I wanted to believe that, and I had convinced myself to accept it ever since I'd begun to have doubts. But lately, I had been wondering if that were the best thing for us. We were raised alone, taught by our Sensei that the outside world would shun us. Hate us. Fear us.
That had affected us, more than he had ever meant it to. We had come to accept that we would only receive affection and care from amongst ourselves. Our love was brotherly and basic, but I couldn't help but feel that would have to change at some point. We are adults, and our emotions have matured.

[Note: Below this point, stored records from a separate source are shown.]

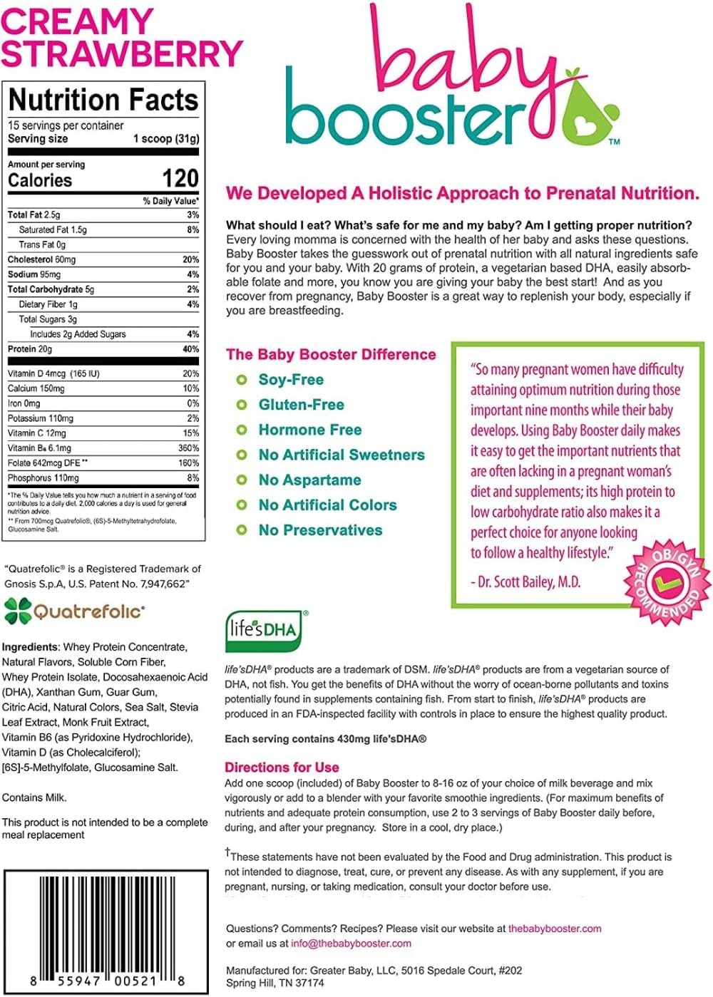 Baby Booster Pregnancy Protein Powder Vitamin Supplement Shake – OB/GYN Approved Prenatal & Postnatal Lactation Use – Morning Sickness Relief with Vegan DHA and Methyl Folate – Creamy Strawberry, 1 lb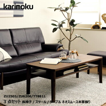 カリモク リビング3点セット【WU6123 長椅子×1・スツール×1・TT8811テーブル×1 ネオスムース・ソフトグレイン本革張り】ソファ 木肘 応接セット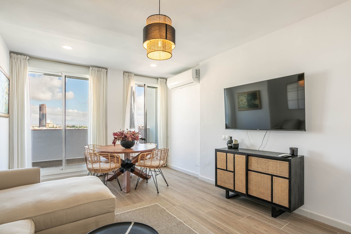 Aquest luxós pis està situat al cor de Sevilla, davant dels tres monuments declarats Patrimoni de la Humanitat per la UNESCO: la Catedral, la Giralda, l'Arxiu d'Índies i els Reials Alcàzars. Amb un disseny modern, disposa d'1 dormitori, 1 bany, una sala d'estar amb televisor intel·ligent i una cuina totalment equipada amb electrodomèstics d'alta gamma, com torradora, batedora, forn, bullidor i cafetera Nespresso. A més, té una terrassa privada amb unes vistes impressionants dels principals monuments de la ciutat.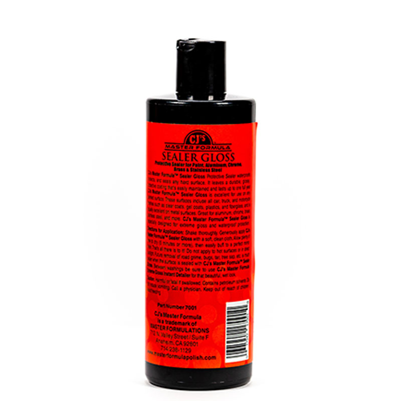 Master Formula Sealer Gloss Protective Sealer waterproofs, protects and seals any hard surface. It leaves a durable, glossy protective coating that's easily maintained and lasts up to one full year. Master Formula Sealer Gloss is excellent for use on any metal or painted surface. These surfaces include all car finishes including clear coasts, gel coasts, plastics fiber glass. They also include all metal surfaces such as aluminum, chrome, brass, stainless steel, gold, silver and more. 16oz. |

Splinter had been trying to protect us, but in some ways he made life harder. I could never voice these concerns to my brothers. The loss of our sensei was still too fresh. To question the ways in which he raised us would be sacrilege. Maybe when our grief lessened, and we begin to move forward, could I be more expressive of my thoughts.
If we ever move forward.
I lifted my hands over my head and locked them together to relieve the pressure that had gathered in my lower back, having sat in one position for so long. My knees creaked achingly as I raised to my feet, and the underside of my legs were numb where they had been rested upon the cement. I felt terrible, inside and out, and desperately needed to get my mind off everything.
I eyed the nearby fire escape ladder wearily, wondering if I had the tolerance to put up with any of April's complaints about my unexpected visit. It was better than going home to wallow in my thoughts, I concluded, and began my decent down it.
In comparison to the recent hellish events, April's ranting should seem rather tame.